Кошкин и Алейников пошли дальше. Шли и молчали, обоим трудно было продолжать прерванный разговор. Яков Алейников засунул руки под мышки, будто ладони у него зябли, и с каким-то тупым раздражением на самого себя думал, что напрасно он увязался за Кошкиным, напрасно расспрашивает о прежнем… И вообще, встреча эта — лучше бы её не было. Как в омут, нырнул он, Алейников, во фронтовое месиво огня и смерти в надежде, что всё прежнее останется где-то там, в прошлой, далёкой и страшной жизни, которая никогда не вернётся, ни с кем из людей, так или иначе соприкасавшихся с ним на его прежнем жизненном пути, особенно с теми, для кого это соприкосновение кончалось так трагически, как для Кошкина, он не встретится. Ведь тысячи и тысячи километров фронта, десятки тысяч километров военных дорог, всё постоянно движется, кипит и бурлит, как в котле, фантастические размеры которого невозможно и представить. Но именно в силу того, наверное, что всё кипит и движется, он, Алейников, узнаёт вдруг — где-то рядом, не очень далеко, Фёдор Савельев. Потом из дивизионной газеты узнаёт о его сыне и младшем брате Иване Савельеве. И, наконец, Кошкин Данила Иванович, которого в партизанском отряде Кружилина звали Данила-громила. Об Иване, Семёне, Фёдоре Савельевых Алейников только слышал, а Кошкин Данила — вот он, живьём, вышагивает рядом, как журавль. Изменился он, бывший заведующий райфинотделом, порядком — голова наполовину поседела, плечи сильнее ссутулились. Черты лица резко обострились, в тёмных глазах появился какой-то жёсткий, пронизывающий свет. Но сколько пришлось ему пережить и перенести! Другой согнулся бы, сломался давным-давно, а этот…

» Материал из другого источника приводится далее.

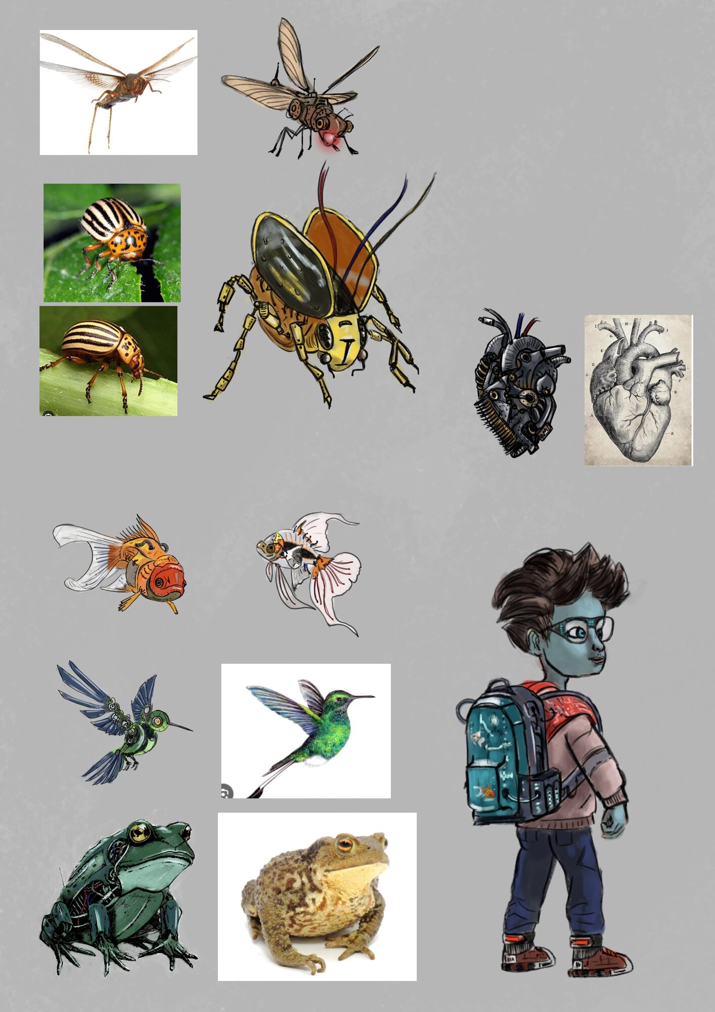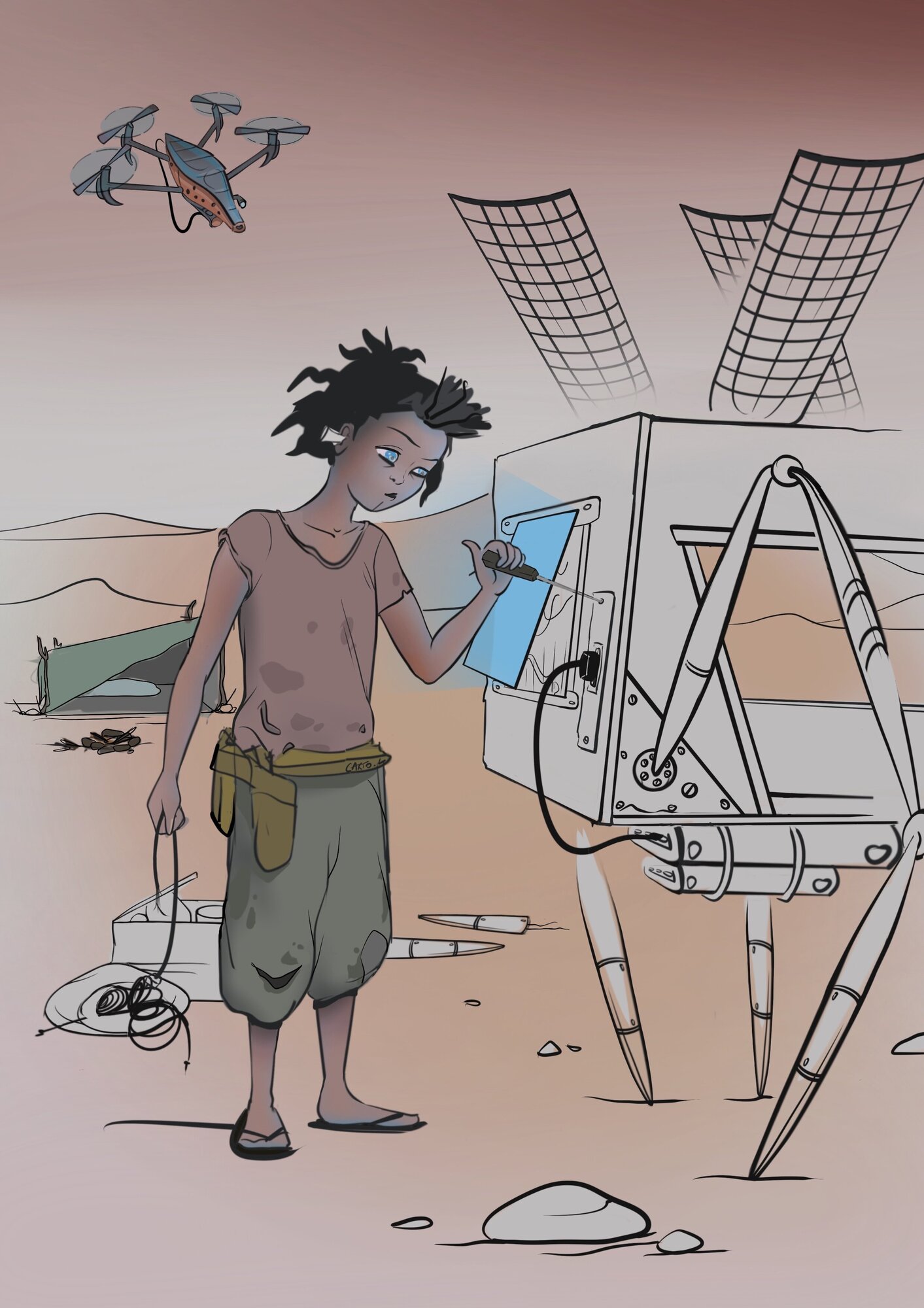 Bonjour! Voici mon croquis pour le DP représentant Rafael 🙂 PS: il n’y a pas de « s » à Mexique 🤭😅 (pour ceux qui ont lu attentivement mes fiches de références 🙂) Je pense que j’ai rien oublié au niveau de la description, je ne fais pas trop de désordre autour de lui parce que je l’imagine très soigné avec ses affaires malgré sa condition de pauvreté. J’ai imaginé qu’il construisait un chariot connecté fonctionnant à l’énergie solaire, ce qui facilitera ses déplacements sur de longues distances. J’imagine qu’il se déplace de villes en villes échangeant ses talents de bricoleur contre un peu de vivres. Son objectif est d’aller à la grande ville afin de pouvoir s’y installer. Quant au robot j’ai eu envie de faire un drone, celui ci fonctionne également à l’énergie solaire et émet des sons pour communiquer. Son squelette ayant la forme et suivant les principes d’un instrument à vent. Il ne peut pas s’empêcher de critiquer le travail de Rafael c’est pourquoi ce pauvre enfant se bouche les oreilles dès qu’il commence à bricoler! Voilà pour la petite histoire 🙂 C’est la première fois que je participe à un challenge du coup n’hésitez pas à me partager vos impressions et vos remarques, elles seront les bienvenues ! 😊🙏2 points

Штрафная рота прибыла ночью эшелоном из-под Валуек, где она длительное время находилась на доукомплектовании. Так сказал ещё в машине Кошкин. Завтра с наступлением темноты роте предстояло вступить в бой на стыке 215-й дивизии с соседом.

Отовсюду — из открытых окон уцелевших домов, из-за редких обгоревших и переломанных заборов и плетней, запылённых кустарников, где группами сидели, на земле или слонялись бойцы, — неслись крики, хохот, звуки губной гармошки, сочная похабщина. Кошкин на это не обращал внимания. Да и Яков Алейников тоже. Он знал, что такое штрафники. У них свой быт, свои песни, свои законы. В атаку они ходили не с криками «ура» — в воздухе стояла такая густая матерщина, что никли, казалось, кусты и травы. Немецкие солдаты и офицеры, говорят, заслышав такую «музыку», бледнели, у них возникала дрожь в руках и ногах.

Заметив двух офицеров, бойцы немного умолкали, с каким-то интересом и любопытством провожали взглядами Кошкина и Алейникова. Попадавшиеся навстречу солдаты вытягивались и отдавали честь по всем правилам. А это уже говорило о многом.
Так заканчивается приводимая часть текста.